## Exercise
Restate word for word the lines below from the one that has "SpinServe – Rotierende" through the one that has "These sub-stacks can", keeping both and dropping all pictures.

## Exercise material
____

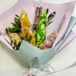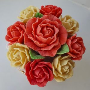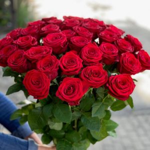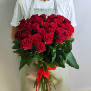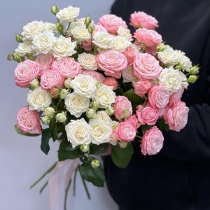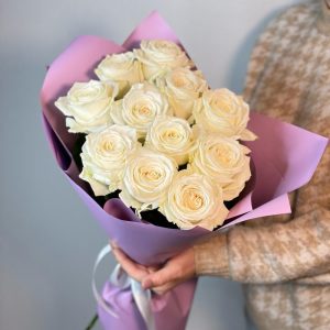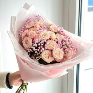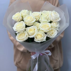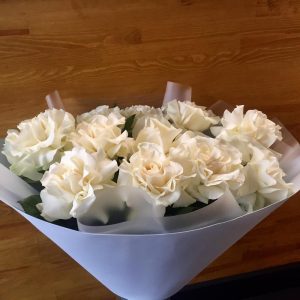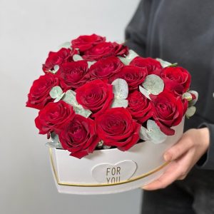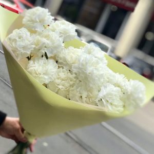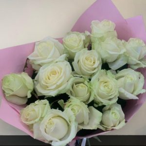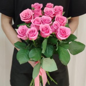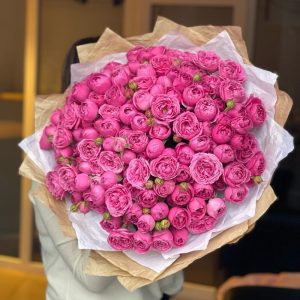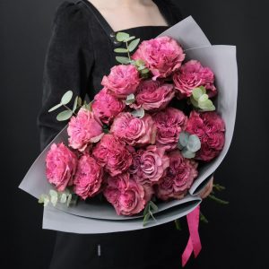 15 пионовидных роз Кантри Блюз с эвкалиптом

____

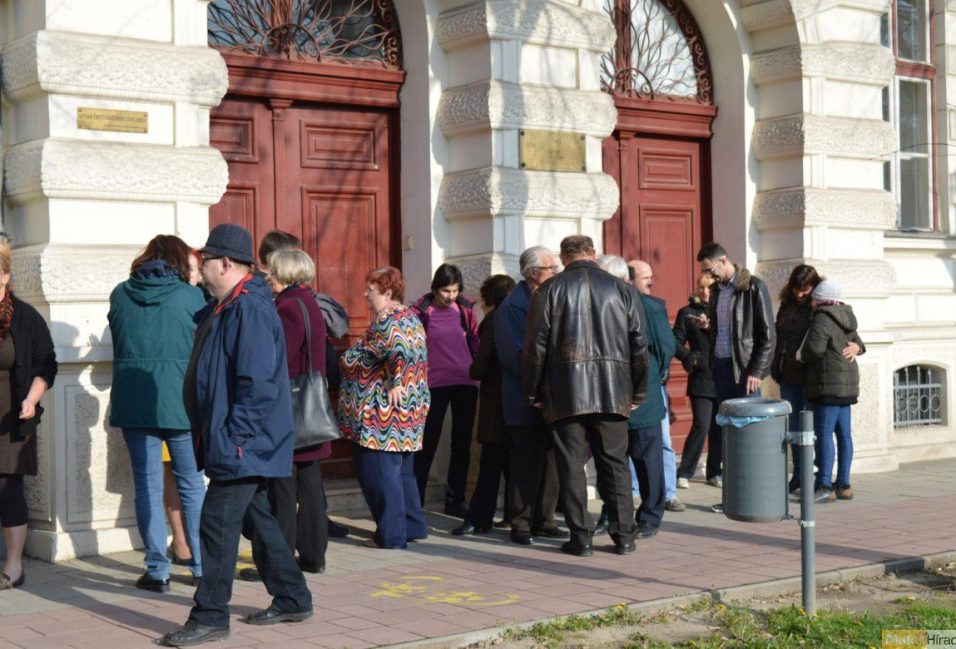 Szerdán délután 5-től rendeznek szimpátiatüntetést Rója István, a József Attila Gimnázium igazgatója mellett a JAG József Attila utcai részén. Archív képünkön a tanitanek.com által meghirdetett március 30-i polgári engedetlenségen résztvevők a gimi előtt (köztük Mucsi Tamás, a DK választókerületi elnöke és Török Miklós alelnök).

____

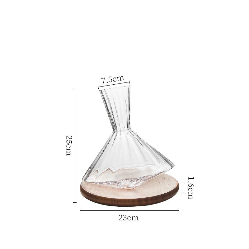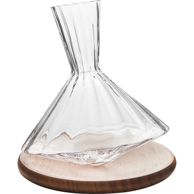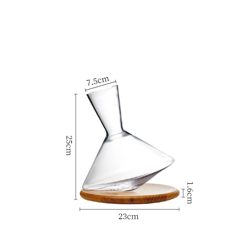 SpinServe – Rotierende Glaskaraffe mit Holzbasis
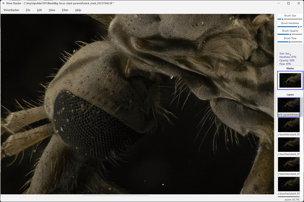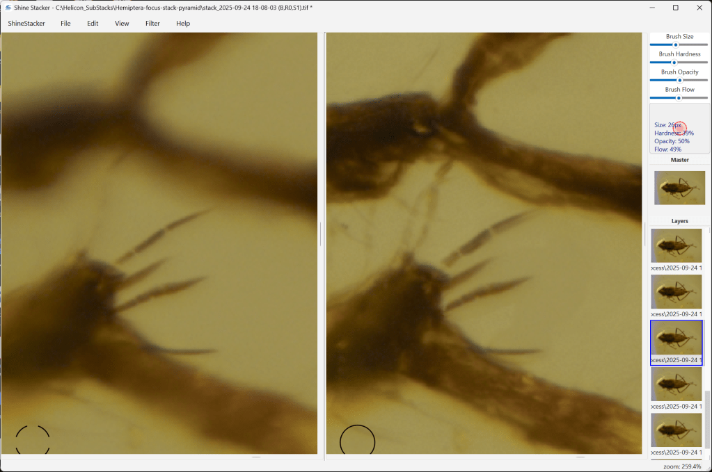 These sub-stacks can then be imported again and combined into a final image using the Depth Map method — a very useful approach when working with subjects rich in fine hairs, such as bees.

____

## Written solution
 SpinServe – Rotierende Glaskaraffe mit Holzbasis
 These sub-stacks can then be imported again and combined into a final image using the Depth Map method — a very useful approach when working with subjects rich in fine hairs, such as bees.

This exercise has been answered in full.